Wilson et al. (33) found highly SSC load-specific training adaptations. Plyometric training involves a considerable SSC component and resulted in a 10% increase in CMJ performance but only a 7.2% increase in SJ performance. In the same study, a weight-trained group produced improvement in SJ performance of 6.8% and improved CMJ ability by only 5%. These effects presumably reflect contractiontype specific training adaptations.
Lyttle et al. (23) found the combination of plyometric and weight training to be relatively superior to ballistic resistance training for increasing SSC performance. However, the load used in this training study was limited to 30% 1RM and no eccentric braking was used so comparison with the results of the current study is difficult. Given the findings of prior research (5,29) the use of the eccentric braking in the current study may also have reduced the SSC training adaptations. Future research should address the specificity of concentric-only and SSC movements used in training and subsequent improvements in explosive concentric-only and SSC performance.
The measurement of ground reaction force revealed many interesting aspects of the jump performance; however, they did not reflect training improvements as well as the jump and reach tests. This may have been a result of the restriction of technique in the forceplate tests. The increases in neuromuscular performance resulting from the training may be better realized in a familiar skill like jump and reach rather than the hands on hip, prescribed depth, and limited trunk flexion required of the CMJ, SJ, and DJ as used in this study.

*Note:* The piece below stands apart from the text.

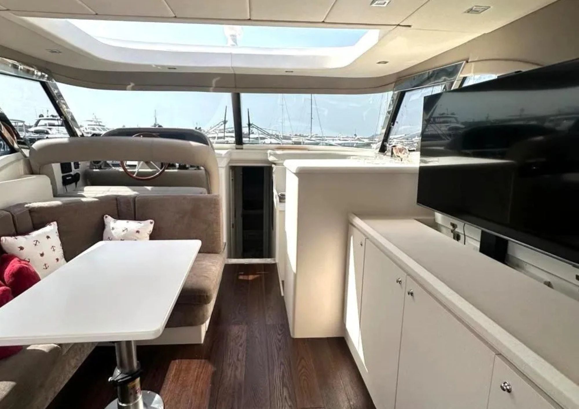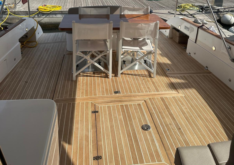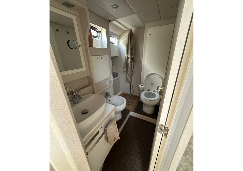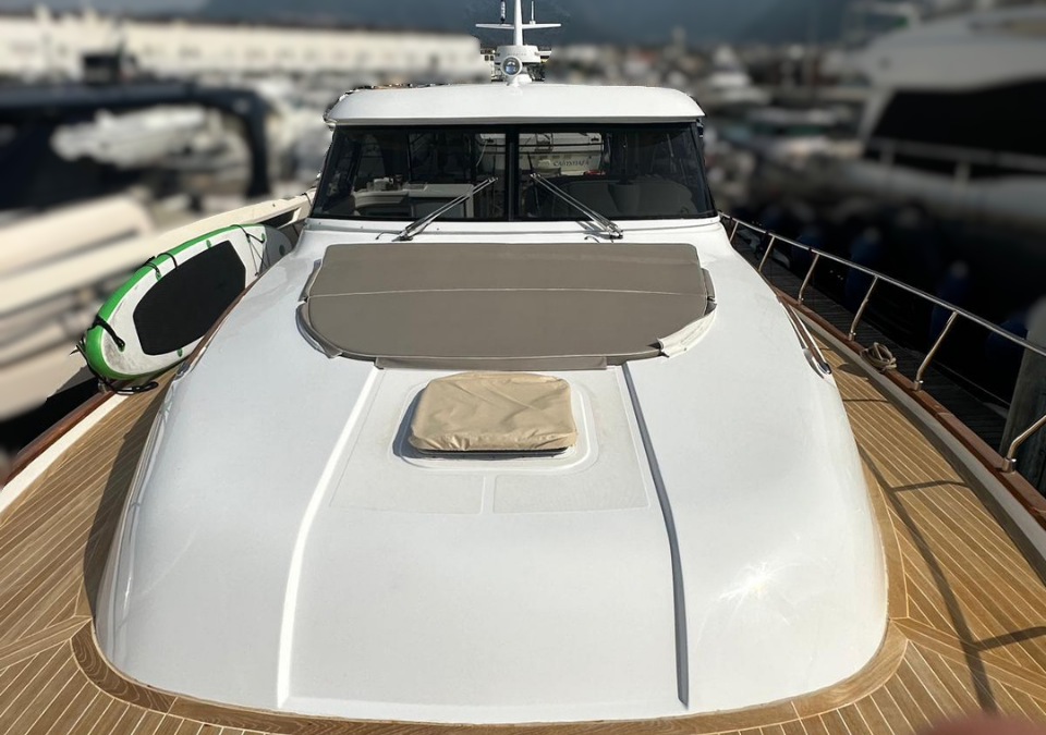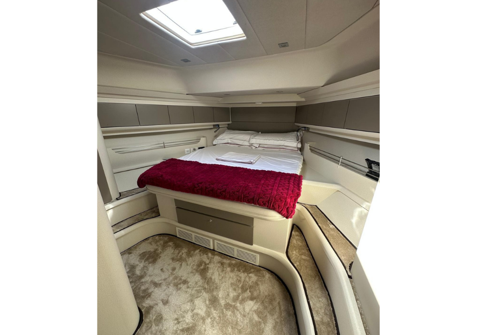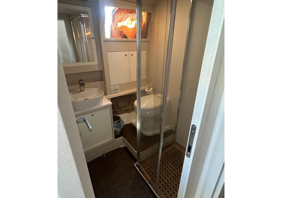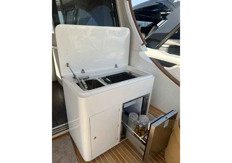 LAYOUT: Saloon with large “C”-shaped sofa with central table, storage unit with foldaway TV; kitchenette equipped with double-bowl stainless steel sink, four-burner induction stove, electric oven, and refrigerator. Steering console with fully equipped dashboard and new instrumentation. Master cabin with double bed and bathroom with separate shower; guest cabin with twin beds; Guest bathroom with separate shower. Large cockpit with comfortable sofa and six-seater table. Cabinet with barbecue grill and refrigerator. Access to the crew cabin, equipped with a bathroom.

Although this study has increased our knowledge of the effects of ballistic resistance training for elite athletes, there remain a number of avenues for further research. 1) What are the specific effects of heavy versus light load ballistic training and the velocity-specific changes occurring in terms of neural activation and motor unit recruitment patterns, as well as histochemical changes such as calcium activity and myosin heavy chain isoform profile? The ballistic training in the current study was performed over a range of loads. Therefore, it cannot be determined whether the differential effects between the two groups resulted from the different stimulus to the neuromuscular system of a) ballistic versus slow controlled movements and/or b) the inclusion of lighter load, high velocity movements when jump squat training with the 30% and 60% loads. 2) What would be the optimal number of repetitions per set at a given load? 3) Would periodization of aerobic, strength, power, and skills training during the preseason preparation be more effective and what are the interference effects of training several components of volleyball performance concurrently? Kraemer et al. (22) has demonstrated interference effects on strength improvement when aerobic training is done concurrently. Is a similar effect evident for concurrent aerobic and ballistic training in terms of maximal power development? 4) What was the effect of using the braking system and the role of eccentric loading on maximal power development? This question requires further investigation by a specific comparison of eccentric braking with no braking in terms of training adaptation.
In summary, ballistic resistance training is effective for increasing the vertical jump performance of elite volleyball players in a sport specific jumping performance. The improvements result primarily from an increased ability to produce force and power throughout the concentric phase, an increased maximum rate of force development, and possibly improved SSC capability.